Sean Maddison

Omnichannel & AI-enabled evolution

Building an all-channel, intelligent and personalised conversational foundation for one of the UK's largest electricity and gas energy suppliers. Making sure customers can easily manage their account and get answers to common questions, freeing up human agents to spend time on those with tricky problems or who need extra support.

Project overview

Background

A large retail energy supplier, taking over 200,000 voice calls and 60,000 chats every week—along with a significant presence on social media. There is some traditional IVR functionality, with no automation in any other contact channels. They also have some native website and mobile app self-service capabilities, but extending & adding to these is often costly and takes a very long time to delivery.

Problem

Firstly: we wanted to grow our digital contact channels but had no intelligence or automation capabilities to offer, with all contacts going straight into a queue for a human agent.

Also, we had identified over 60 use cases for new bots to handle core customer transactions. Using traditional IVR and DTMF menus, there was no way to practically deliver more than a handful of services without creating unwieldy menus that would cause customer frustration.

Finally, as a very large organisation many customer contacts ended up with the wrong agent and had to be transferred—wasting both the agent & customer's time.

Solution

We ran a rapid, agile infrastructure project to give us the ability to route digital contacts through our automation layer (Genesys Intelligent Automation), and to make Natural Language Understanding (NLU via Google Dialogflow) available across all of our channels.
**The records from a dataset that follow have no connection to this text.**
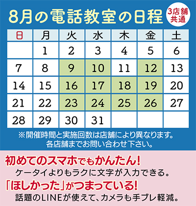 8月の教室参加者には、ジュースをプレゼントする他、購入時に利用できる優待券の特典もあり!(詳細は各店舗にお問い合わせを)。思い切ってスマホにチャレンジしてみては。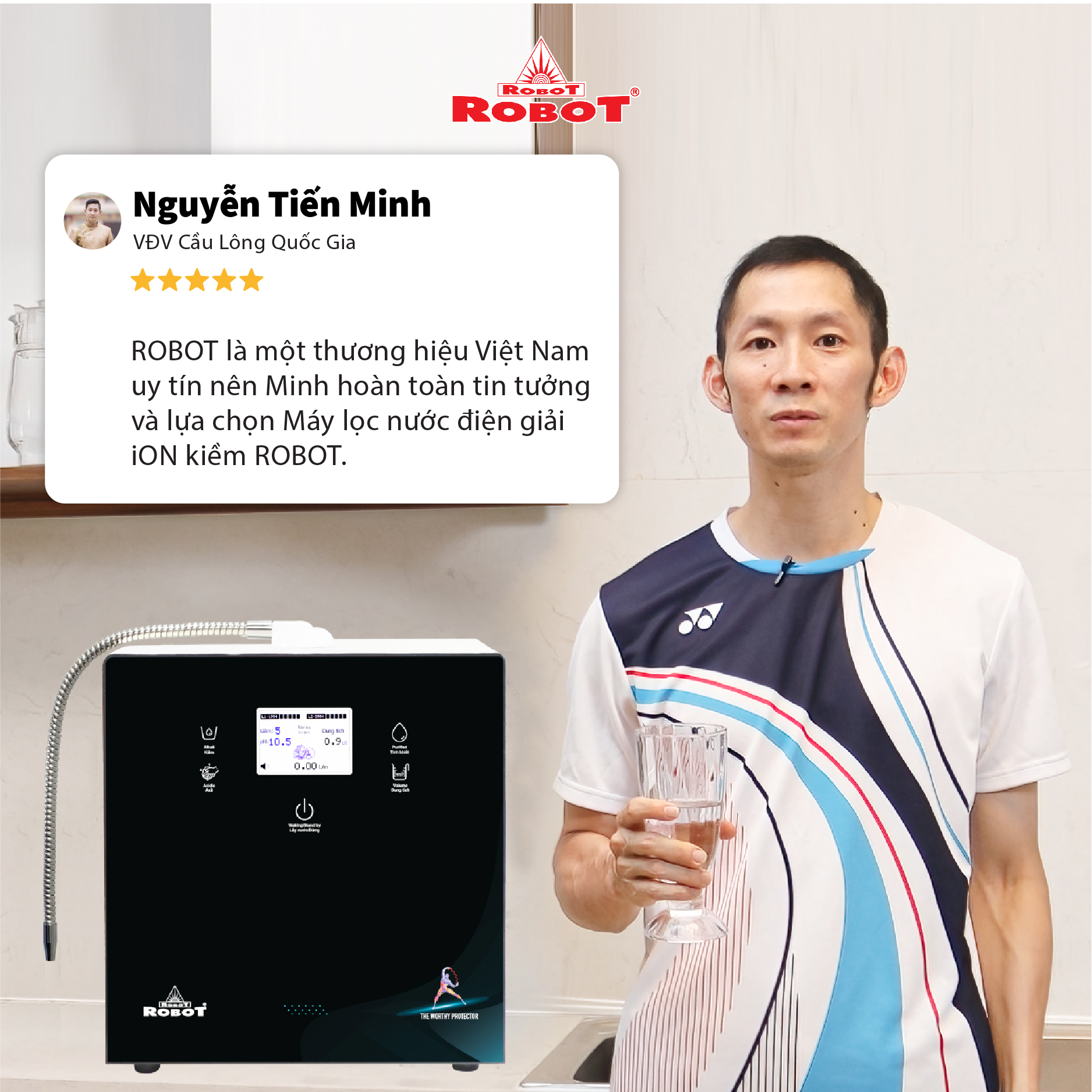 VĐV Cầu Lông Nguyễn Tiến Minh – tay vợt từng đứng Top 5 Thế Giới chia sẻ: Sau một thời gian sử dụng Máy lọc nước điện giải iON kiềm Minh thấy cải thiện sức khỏe rất nhiều và tốc độ hồi phục sau tập luyện, thi đấu cũng nhanh hơn so với trước đây. Bây giờ mỗi khi đi tập, hay khi đi thi đấu, Minh đều mang theo nước iON kiềm để uống. ROBOT là một thương hiệu Việt Nam uy tín nên Minh hoàn toàn tin tưởng và lựa chọn Máy lọc nước điện giải iON kiềm ROBOT.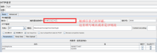 1.打开Jmeter--->添加线程组--->添加HTTP请求--->填入登录请求数据,如下所示: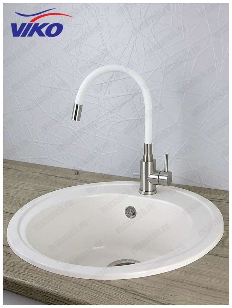 Смеситель для кухни с гибким изливом на мойку из нержавеющей стали VIKO V-4448 цвет белый серебро: сравнение цен, характеристики, фото, актуальное наличие и цены.

As well as the technical delivery, another key outcome of this project was to train a tight team of experts on how to build conversational omnichannel bots, and maintain our NLU models.

Design approach

Our base contact centre platform supported delivering automation through multiple available channels, so this stage was a relatively simple task of altering our routing strategies to accomodate this. We extended our existing infrastructure to route webchat, mobile app messages, SMS text messaging, and Facebook Messages through our automation orchestration solution.

The main decision and integration work was in selecting an NLU provider, and making sure this worked effectively in each channel. To support this, I built several prototypes in the leading vendors solutions and assessed them all on a number of criteria. I took the 5 main NLU products on the market at the time and scored them on the following criteria:

We scored against these based on trainer & integration team feedback, product documentation and our own trialling of each product. I eventually selected Google Dialogflow as best meeting our needs.

Roll out

To support testing and live roll-out we had to build out a small NLU model of a dozen well-known intents, and create a simple omnichannel bot that would work in voice, rich-media chat, and plain-text chat (for social media and SMS).

Screenshot of a simple chatbot for testing purposes
A super-simple bot that tells a customer their account balance, for testing across all new channels

Continuous improvement

Once the NLU roll-out was underway, I started a continuous Agile programme of change to identify improvements to existing bots, new bots to develop, and other solutions to improve the customer journey. We had many sources of user stories for fixes, improvements, and new bot concepts—a few examples:

NLU training strategy

We wanted to quickly build out our NLU model to start getting immediate benefits by improved contact routing and reduced internal transfers. To achieve this, I implemented a live pilot "burst training" model with my new team of administrators.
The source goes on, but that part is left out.